Le Yukon réalisera le projet en trois phases, définies précédemment, et devra gérer le projet conformément à la charte de projet figurant dans l'entente de partage des coûts. Le Yukon devra, dans le cadre du présent projet, soumettre une proposition de projet, conformément au paragraphe 50(1) de la Loi sur l'évaluation environnementale et socioéconomique au Yukon (LEESY) (Canada), avant de procéder à l'évaluation du site et de mettre en œuvre la phase 2. La restauration du site devra respecter les normes de restauration des terres à usage industriel définies dans le Règlement sur les sites contaminés (Yukon).

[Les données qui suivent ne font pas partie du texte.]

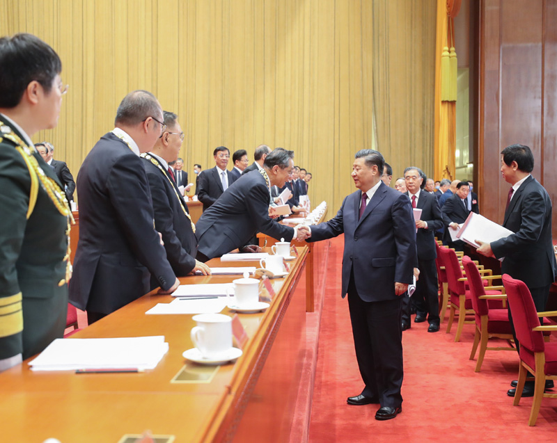 習(xí)近平等為受表彰的個(gè)人和集體代表頒獎(jiǎng)。
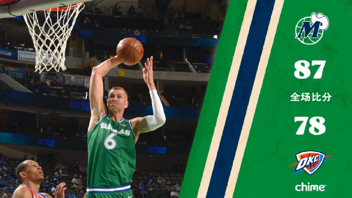 独行侠:史密斯4分8篮板、克莱伯8分7篮板2盖帽、波尔津吉斯19分13篮板、理查德森16分6篮板4抢断、布伦森11分6篮板4助攻2抢断、哈达威19分6篮板2助攻、伯克9分2篮板6助攻
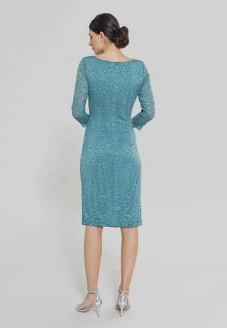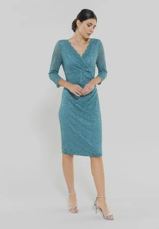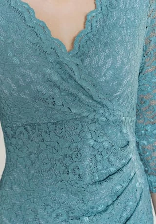 die seitliche Wickeloptik verleiht den körperbetonten Schnitt

16. Cadre de responsabilisation et évaluation

Le Yukon devra fournir au Canada les rapports suivants :

  1. Dans les soixante (60) jours suivant la fin de chaque exercice, un rapport d'étape, conformément aux dispositions de l'entente de partage des coûts.
  2. Dans les soixante (60) jours suivant la fin de chaque exercice, un rapport financier, conformément aux dispositions de l'entente de partage des coûts.
  3. Le plus rapidement possible après la fin de la phase 2 du projet, et au plus tard le 30 juin 2017, le gouvernement du Yukon devra fournir un rapport confirmant que cette phase a bel et bien été réalisée.
  4. Le plus rapidement possible après la fin de la phase 3 du projet, et au plus tard le 30 juin 2021, le gouvernement du Yukon devra fournir un rapport final relatif au projet et un rapport financier final, qui confirmeront au gouvernement du Canada que le projet a bien été réalisé, et qu'un certificat de conformité a été produit pour le site, conformément à l'article 116 de la Loi sur l'environnement (Yukon).
L'entente de partage des coûts permet au gouvernement du Canada de procéder à des vérifications et à des évaluations de l'efficacité du projet, au besoin.

17. Autres modalités

En vertu de cet instrument habilitant, le MAINC est autorisé à gérer les paiements de transfert. Les autres modalités de l'entente de partage des coûts conclue avec le gouvernement du Yukon doivent respecter les grands principes encadrant les relations fédérales-provinciales-territoriales et être conformes à l'objectif général voulant que les fonds transférés en vertu de cet instrument respectent les obligations du gouvernement fédéral concernant la restauration du site contaminé non domanial de Marwell.

18. Langues officielles

À titre de gouvernement public, le gouvernent du Yukon n'est pas soumis à la Loi sur les langues officielles (Canada). Cependant, le gouvernement du Yukon doit respecter les exigences de sa propre Loi sur les langues (Yukon) qui, en plus des langues autochtones, affirme l'égalité du français et de l'anglais au Yukon. Selon l'entente de partage des coûts, le gouvernement du Yukon devra veiller à ce que toutes les affiches produites dans le cadre des travaux de restauration de la fosse de bitume de Marwell soient diffusées dans les deux langues.